(PROVIDED RECORDS begins)

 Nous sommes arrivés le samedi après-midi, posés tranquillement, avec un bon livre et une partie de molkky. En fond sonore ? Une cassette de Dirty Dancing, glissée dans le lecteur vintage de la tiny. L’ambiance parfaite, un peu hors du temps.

(PROVIDED RECORDS ends)
(PROVIDED RECORDS begins)

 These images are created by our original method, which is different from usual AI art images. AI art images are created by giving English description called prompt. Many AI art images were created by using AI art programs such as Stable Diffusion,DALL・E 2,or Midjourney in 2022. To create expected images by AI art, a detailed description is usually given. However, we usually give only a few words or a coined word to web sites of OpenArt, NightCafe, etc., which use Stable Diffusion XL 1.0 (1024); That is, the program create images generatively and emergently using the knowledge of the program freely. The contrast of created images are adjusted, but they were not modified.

(PROVIDED RECORDS ends)
(PROVIDED RECORDS begins)

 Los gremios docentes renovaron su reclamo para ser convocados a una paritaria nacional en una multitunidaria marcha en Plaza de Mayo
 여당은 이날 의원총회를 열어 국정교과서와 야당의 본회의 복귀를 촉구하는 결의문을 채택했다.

(PROVIDED RECORDS ends)

## TASK INSTRUCTIONS
From the records above, give again exactly the lines running from the line with "Los gremios docentes" to the line with "여당은 이날 의원총회를", inclusive.

## ANSWER BOX
 Los gremios docentes renovaron su reclamo para ser convocados a una paritaria nacional en una multitunidaria marcha en Plaza de Mayo
 여당은 이날 의원총회를 열어 국정교과서와 야당의 본회의 복귀를 촉구하는 결의문을 채택했다.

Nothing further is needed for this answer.